Объем вводимой пробы составлял 1,0-1,5 мл при концентрации образца 2,0-3,0% в расчете на сухую массу белкового изолята, что соответствует 20-45 мг твердого материала в пробе. В зависимости от типа образца и его концентрации максимальная емкость колонки может составлять 1,5 мл. Некоторые препараты перемешивали в течение не менее 30 минут перед 20-минутным центрифугированием со скоростью 10000 об/мин.

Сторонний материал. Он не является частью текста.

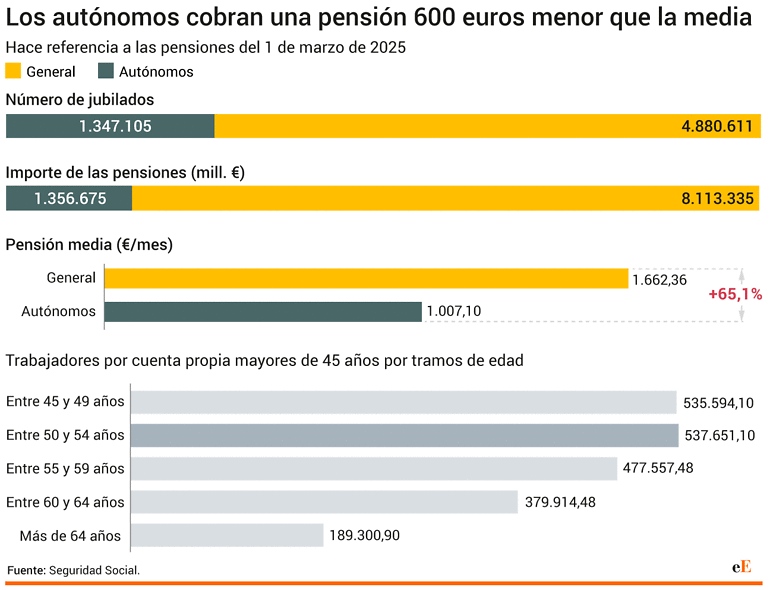 Así los datos publicados por el ministerio de Seguridad Social, y que hace referencia a la cuantía de las pensiones del mes de marzo, la media de las pensiones en España se sitúa en los 1.662,36 euros mensuales, mientras que la de un trabajador autónomo apenas supera los mil euros -1.007,10 concretamente-, lo que supone un 65,1% menos al mes.

Затем супернатант подвергали вакуумной фильтрации через мембранный диск толщиной не менее 0,45 микрон.

Хотя система может непрерывно функционировать в течение 24 часов, обычно она эксплуатируется в течение меньшего времени, поскольку для удаления загрязнений с колонки требуется ежедневная очистка смесью ацетонитрила с водой. Даже при этих условиях ежедневно можно проводить 80-100 определений со сбором аналита в количестве 0,5-1,2 г.

Использовали следующие образцы, полученные по методике Примера 1 из изолятов РММ-производного и супернатантпроизводного канолового белка: BW-AL-017-D29-02A-C200, BW-AL-021-I24-02A-C200, BW-AL-021-I30-02A-C200, BW-AL-017-D29-02А-С300, BW-AL-021-I24-02A-C300 и BW-AL-021-I30-02A-C300.

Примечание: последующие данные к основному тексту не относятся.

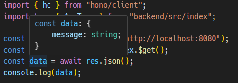 HonoのRPC機能を使用することで、このdata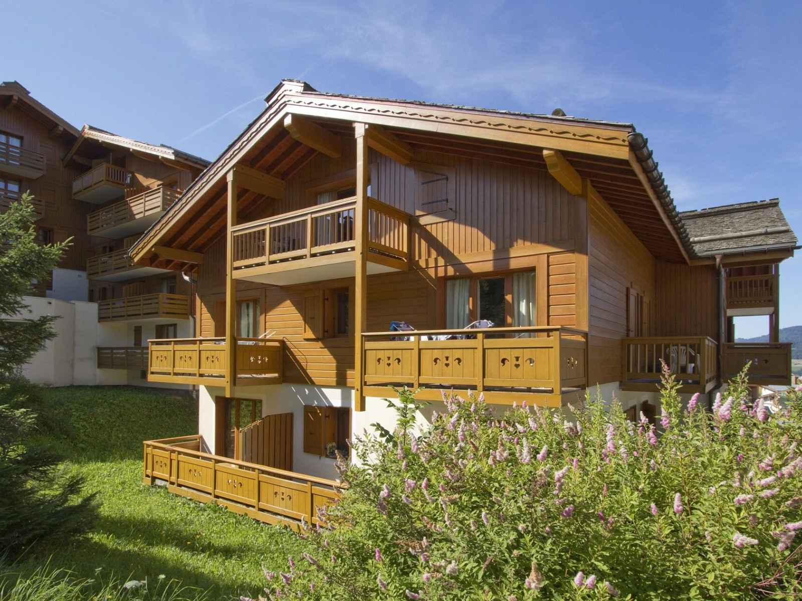 l’une de l’autre, les deux résidences proposent des appartements ouverts sur un balcon ou une terrasse, dotés d’un accès wifi et répartis dans deux grands chalets proposant chacun une piscine couverte chauffée et un sauna (avec participation).

РММ-производные (С300) образцы использовали для сбора белков 7S и 12S, тогда как супернатантпроизводные (С200) образцы использовались преимущественно для сбора белка 2S. Чистоту аликвот полученных фракций определяли на приборе Varian Analytical SEC-HPLC. Уровень содержания белка обычно составлял менее 0,3% масс. (N×6,26) или менее 2,0 единиц оптического поглощения при длине волны 280 нм, а содержание соли, определенное по электропроводности, обычно составляло 0,5-0,7% масс. NaCl.

Пример 6:

В этом примере иллюстрируется ультрафильтрация и диализ фракций, собранных в Примере 1.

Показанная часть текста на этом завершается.